The Food Processing Knowledge Transfer Network (FPKTN) will join with the Bioscience for Business KTN and the animal-genetics based Genesis Faraday to become a new body called the Bioscience KTN in September.
Discussions are also underway with the government’s Technology Strategy Board (TSB) to convert FPKTN’s parent, The Food Processing Faraday Partnership (FPFP) - set up started in January 2001 as a ‘not for profit’ company - into a body dedicated to translating academic food manufacturing research into practical technologies for use by the UK food industry.
Since being set up, the FPKTN has facilitated the introduction of new techniques and equipment to increase the efficiency and quality of the food manufacturing industry in the UK. In future, as part of the Bioscience KTN, its role will be co-ordinate research and development under a much broader remit than food processing alone.

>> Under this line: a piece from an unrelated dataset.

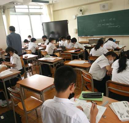 明日のテストに向けて、中学生22名が、9年習熟度別教室にて、自学自習していました。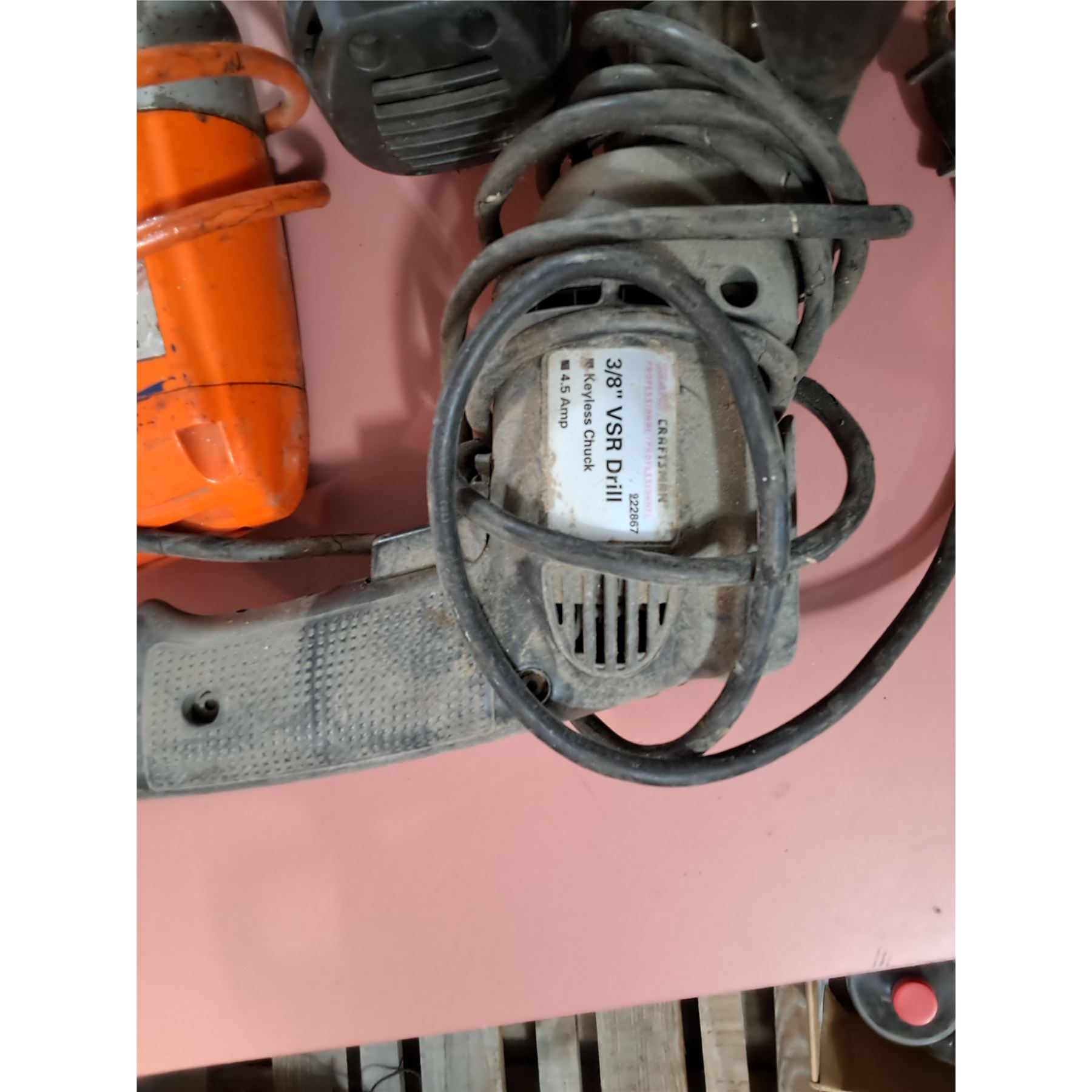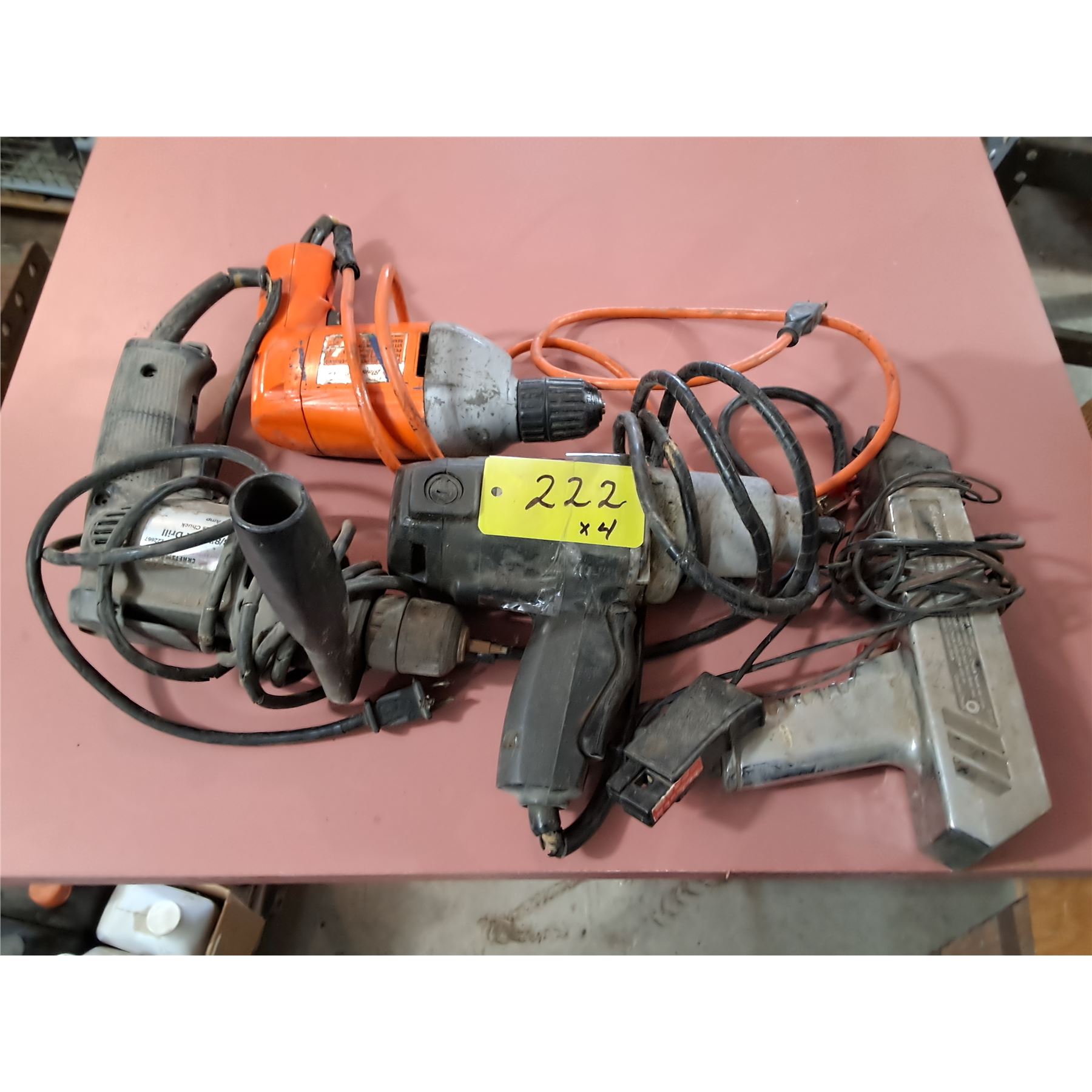 Lot 222 (2) 3/8" Corded Drills, 1/2" Corded Impact & Timing Light

Attempts to get ‘food’ into the title of the new KTN, along the lines of Agri-Food and Biosciences KTN, as reported earlier this year by Food Manufacture, to reflect the importance of the sector within its activities have not proved successful.
The FPKTN has a turnover of £1.5/year, of which 20% comes from the TSB, a business-focused organisation dedicated to promoting technology-enabled innovation across the UK; 5% from the Department for Environment, Food and Rural Affairs (DEFRA), and 75% from private companies. Over the six years of its existence it has run over 50 contracts for varies food companies and suppliers.
Speaking at its annual conference at DEFRA’s Food and Environmental Research Agency in York last week, FPKTN’s md Bob Marsh said: “Because we [FPKTN and FPFP] are separating, the Faraday needs to understand the best way to communicate with its client base.”